### The records
# # # #

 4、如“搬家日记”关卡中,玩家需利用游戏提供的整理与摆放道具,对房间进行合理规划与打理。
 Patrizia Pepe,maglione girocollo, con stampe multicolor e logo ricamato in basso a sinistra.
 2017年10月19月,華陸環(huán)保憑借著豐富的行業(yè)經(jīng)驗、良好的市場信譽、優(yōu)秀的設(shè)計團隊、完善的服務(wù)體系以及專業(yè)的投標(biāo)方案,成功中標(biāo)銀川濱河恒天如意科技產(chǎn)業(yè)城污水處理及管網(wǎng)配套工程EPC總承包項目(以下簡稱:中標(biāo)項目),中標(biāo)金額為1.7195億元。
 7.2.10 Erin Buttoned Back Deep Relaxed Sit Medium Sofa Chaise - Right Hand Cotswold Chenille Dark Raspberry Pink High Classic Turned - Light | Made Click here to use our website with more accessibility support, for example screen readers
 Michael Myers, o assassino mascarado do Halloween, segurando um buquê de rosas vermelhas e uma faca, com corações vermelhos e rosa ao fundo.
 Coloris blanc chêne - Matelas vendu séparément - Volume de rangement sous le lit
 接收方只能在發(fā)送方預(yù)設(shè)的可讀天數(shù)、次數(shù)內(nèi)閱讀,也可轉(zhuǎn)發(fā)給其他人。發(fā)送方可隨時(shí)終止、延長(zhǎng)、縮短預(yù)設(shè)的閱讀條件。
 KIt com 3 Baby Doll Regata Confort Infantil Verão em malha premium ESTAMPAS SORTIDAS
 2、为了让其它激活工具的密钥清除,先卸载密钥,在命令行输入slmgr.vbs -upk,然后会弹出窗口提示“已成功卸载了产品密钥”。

# # # #

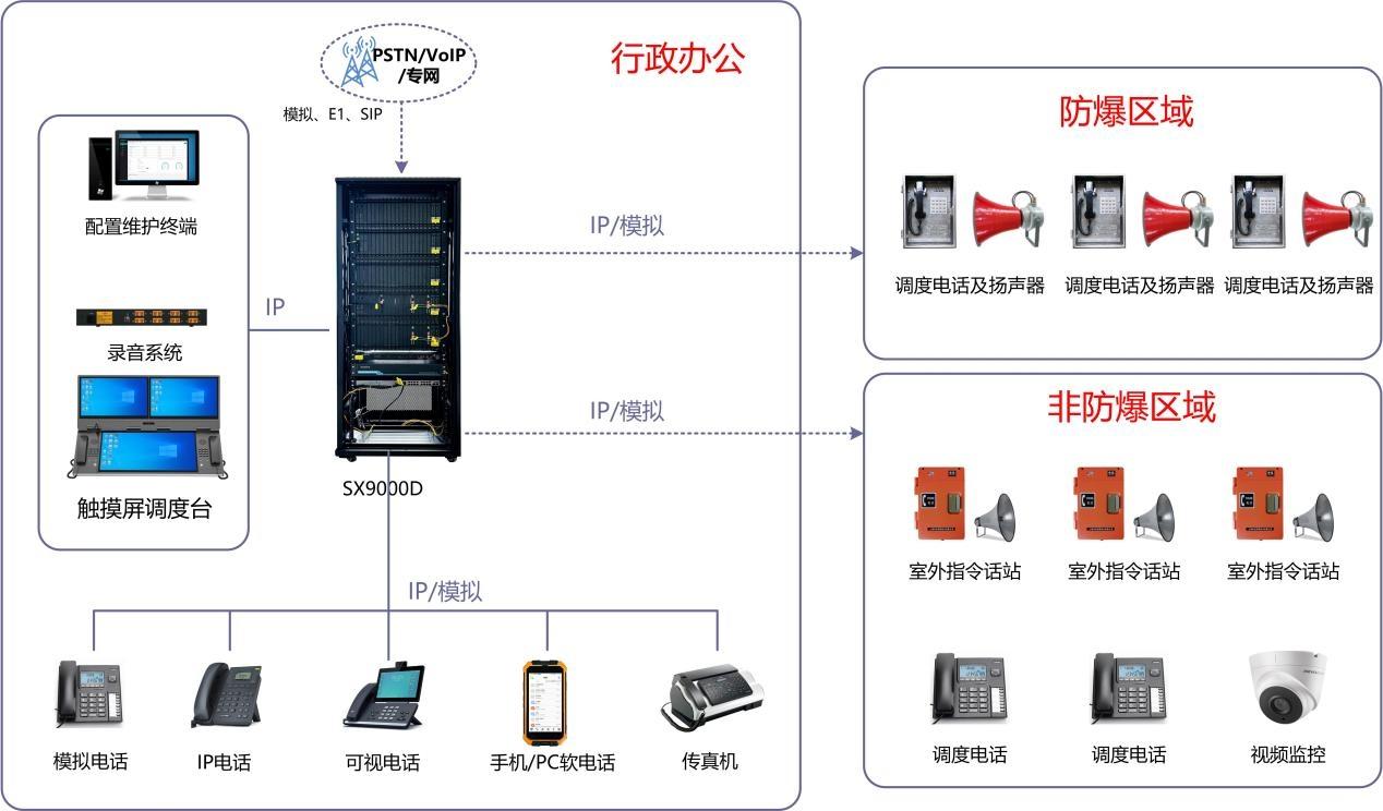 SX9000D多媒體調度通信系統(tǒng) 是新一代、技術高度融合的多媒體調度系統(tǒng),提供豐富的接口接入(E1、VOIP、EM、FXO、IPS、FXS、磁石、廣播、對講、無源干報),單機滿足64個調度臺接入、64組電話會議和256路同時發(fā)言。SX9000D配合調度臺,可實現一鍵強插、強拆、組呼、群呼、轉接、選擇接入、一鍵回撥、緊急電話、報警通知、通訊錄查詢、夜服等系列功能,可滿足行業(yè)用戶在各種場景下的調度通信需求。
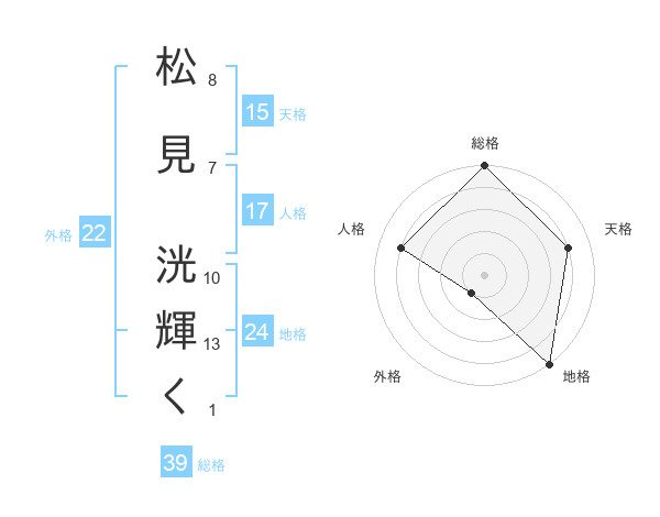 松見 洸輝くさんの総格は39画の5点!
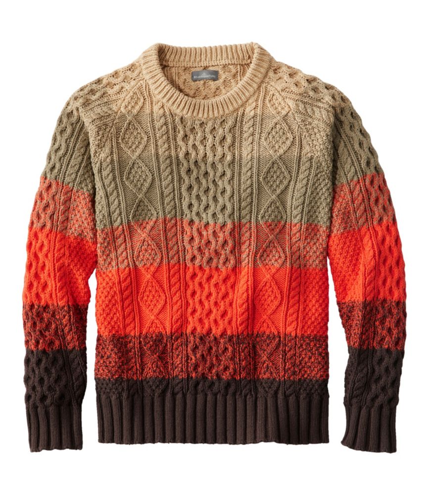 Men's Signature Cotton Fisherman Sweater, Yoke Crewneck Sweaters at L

# # # #

Look above for the line holding "KIt com 3 Baby" and the line holding "2、为了让其它激活工具的密钥". Retype both, and every line between them, word for word and nothing else.

 KIt com 3 Baby Doll Regata Confort Infantil Verão em malha premium ESTAMPAS SORTIDAS
 2、为了让其它激活工具的密钥清除,先卸载密钥,在命令行输入slmgr.vbs -upk,然后会弹出窗口提示“已成功卸载了产品密钥”。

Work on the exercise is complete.